# kampfeld custom? anybody



## Allen Waters (Oct 22, 2008)

has anybody ever had work done by kamfeldcustom.com
have read some good reviews and was wondering if any one has used them
would like to see some pics posted of his custom work you've had done. Thanks.


----------



## jbroadnax (Oct 23, 2008)

I have heard good things out of them but you can get great custom rifle work done right here in Georgia.   www.mcwhorterrifles.com


----------



## Ga-Bullet (Oct 24, 2008)

He's first class. You wont find a Better Fellow. I've Used Him on Some flutting work.
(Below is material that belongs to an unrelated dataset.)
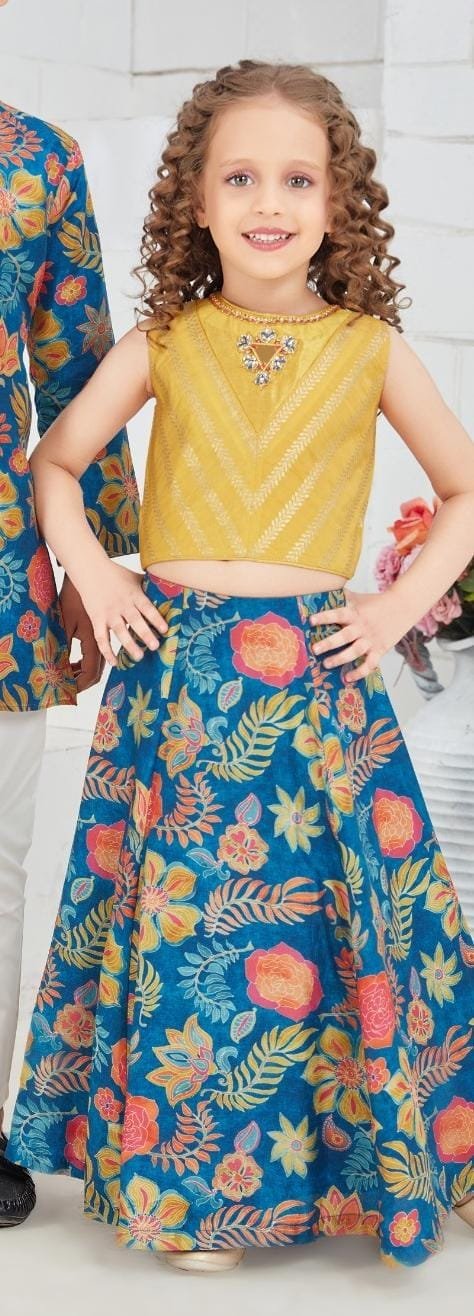 V neck blouse with floral Printed skirt with pretty combinations of blue and yellow
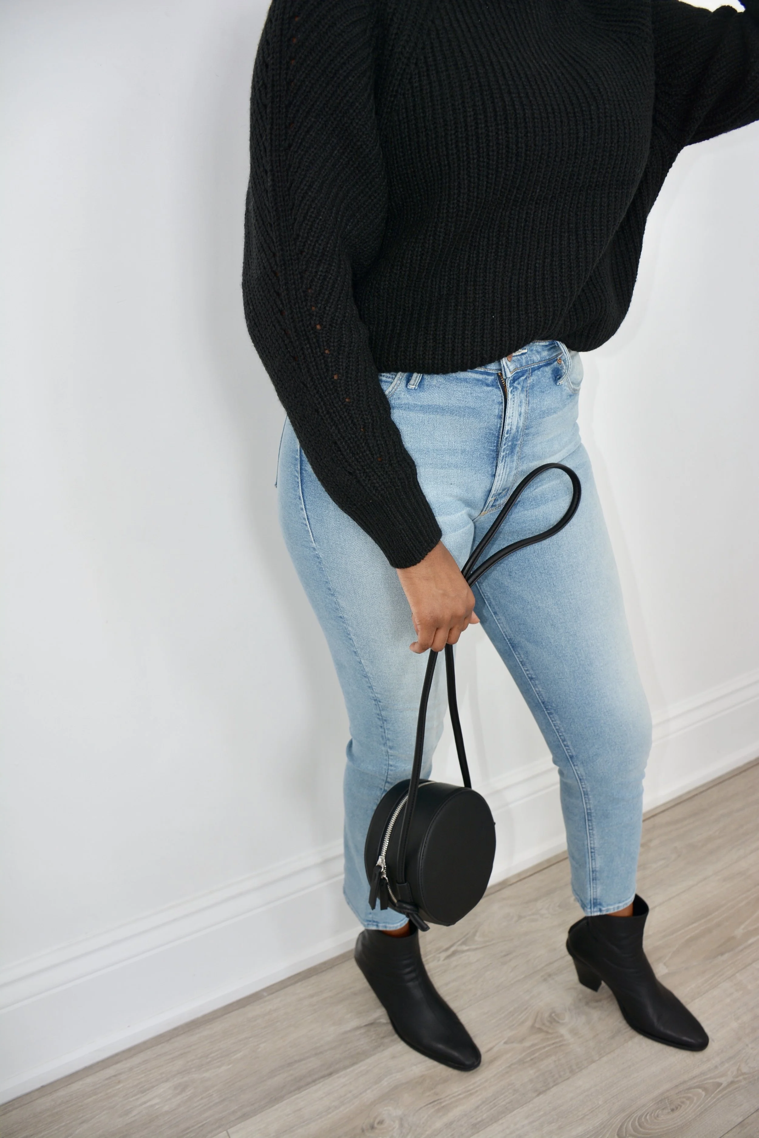 I’ve found that the easiest way to elevate a basic outfit are heels and a statement bag.

Look around over on 24hourcamp fire He's Got a ton of work Posted over Their.


----------



## pacecars (Oct 25, 2008)

Here is some of his work: http://asrealasitgets.net/forums/ubbthreads.php?ubb=showflat&Number=26702&fpart=1

Quite a few of these fellows use him and speak highly of him. Be warned if you check out the rest of the site that they hold nothing back and pretty much anything goes.


----------



## Allen Waters (Jul 8, 2009)

ok guys i had a Remington 700 doen up by Carl Feldcamp and Kampfeld Customs and the work is second to none. Carl is a first class guy that only settles for perfection. i will be using him again!!! Thanks for the input, and Here's a pic of the gun when i got it back. fluted bolt, skeletonized with hunter bolt knob. two tone gun kote.


----------



## Ga-Bullet (Jul 8, 2009)

He's as Good as The Come.


----------